Business planning, Local, Website Strategy

Only 16% of Aussie diners spend more than $90 a head: Report

Michelle Hammond /

Only 16% of Australian diners now spend more than $90 a head on a meal, according to new research, suggesting high-end restaurants should take it down a notch as “cheap and cheerful” becomes the norm.

 

The research comes from restaurant reservations website Dimmi, which compiled data from more than 300,000 diners and 2,000 restaurants to gain insight into Australian dining habits.

 

Dimmi has revealed its findings in the Dimmi Australian Dining Index, which shows “what’s really on our minds (and in our stomachs) when it comes to enjoying a meal out”.

 

The findings come just one week after the venture capital arm of Telstra confirmed it has invested in Dimmi.

 

While the financial terms of the deal are undisclosed, it’s understood to include a cornerstone shareholding in the business, in partnership with Village Roadshow.

 

Dimmi founder Stevan Premutico told StartupSmart Dimmi will continue operating as a “small, fast, nimble business”, and the Dimmi Australian Dining Index is an example of that.

 

The index highlights Australian diners’ changing habits, particularly in relation to cost.

 

“The grim economic outlook and spate of fine dining restaurant closures has been reflected in a drop in dining out at the high end over the past year,” the index said.

 

According to the index, only 16% of diners now spend more than $90 a head, compared with 20% a year ago, although they are still spending an average of $60 per person when they eat out.

 

With regard to cuisine, the index reveals modern Australian and European-style restaurants are the favourites, while South American, Asian and Indian also make an appearance in the top five.

 

While the quality of the food remains paramount, service and value for money are moving up the ranks.
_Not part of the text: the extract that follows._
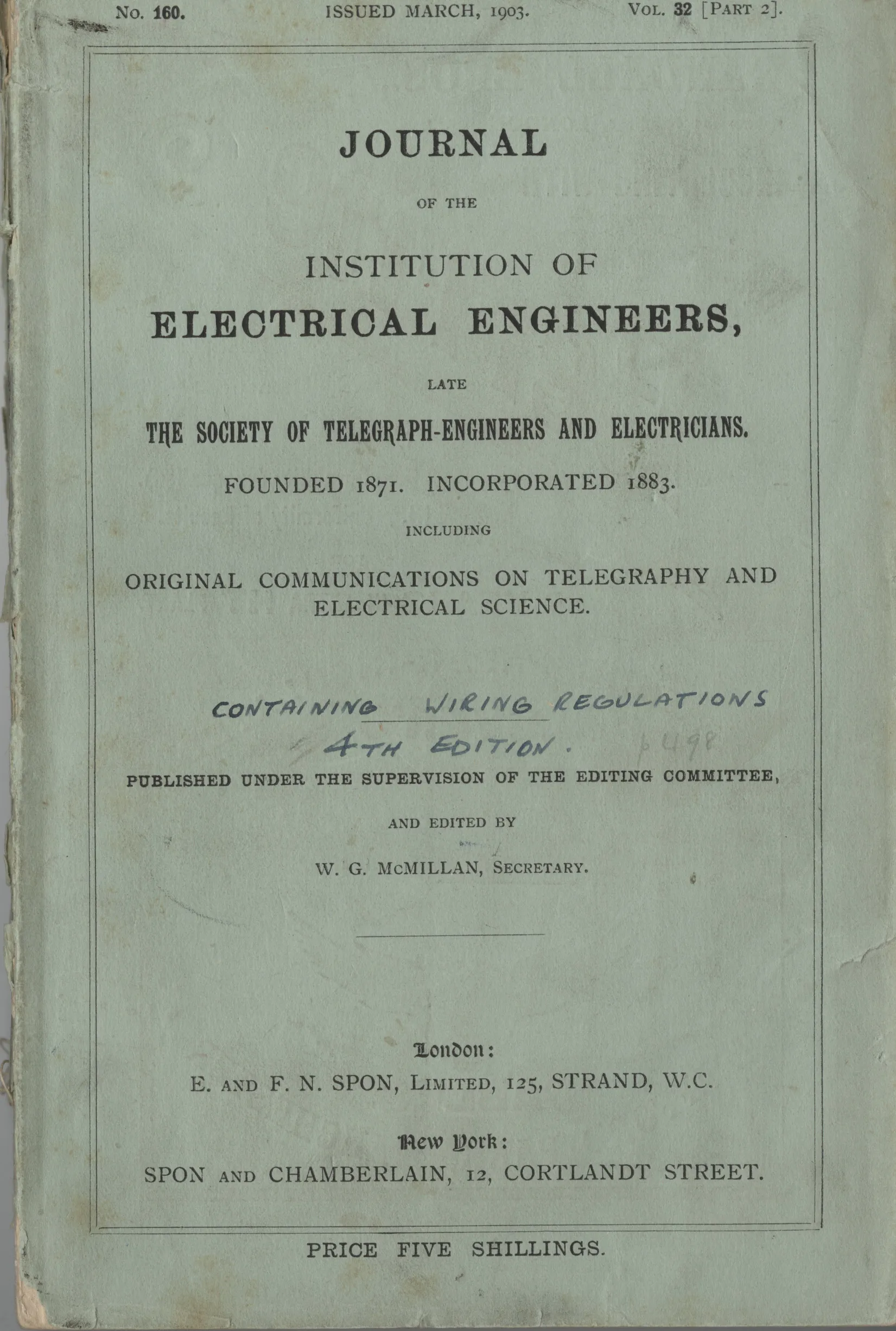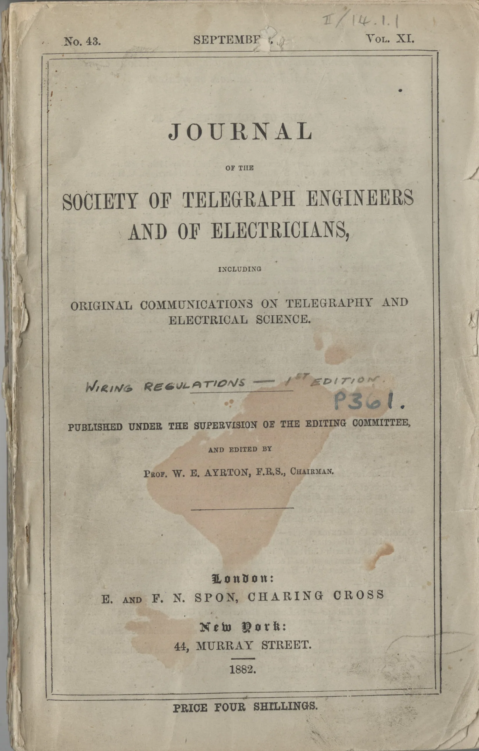 Cover of the STEE Journal that includes the first edition of the Wiring Regulations 1882
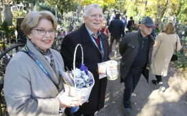 1 listopada 2021 r. po raz dziewiętnasty odbyła się kwesta na cmentarzu św. Jerzego, organizowana przez Urząd Miasta i Towarzystwo Miłośników Torunia. Znani torunianie i goście miasta zbierali datki na odnowę zabytkowych pomników najstarszej toruńskiej nekropolii. Prezydent Torunia Michał Zaleski złożył też kwiaty na gromach honorowych obywateli i osób zasłużonych dla miasta . Fot. Małgorzata LitwinKwesta na cmentarzu św. Jerzego

According to Premutico, the results reflect a clear shift in the Australian dining scene.

 

“We’re definitely seeing a move away from fine dining towards value for money,” Premutico says.

 

“Around $50 seems to be the new threshold as diners seek out more casual options that offer great service, and good food and wine at a reasonable price.”

 

Not surprisingly, the index shows Australian diners are also becoming more tech-savvy, with a 67% increase in online bookings.

 

Diners in WA and the ACT are leading the charge when it comes to booking online, followed closely by South Australia and NSW.

 

Valentine’s Day attracts the highest number of bookings, according to the index, followed by Christmas.

 

More than 55% of online bookings are taken when the restaurant is either closed or in the middle of service, suggesting convenience is becoming increasingly important to consumers.

 

Businesses shouldn’t underestimate the power of word of mouth either. When asked “How likely are you to refer to a friend or colleague?”, diners scored this question an average of 8.4 out of 10.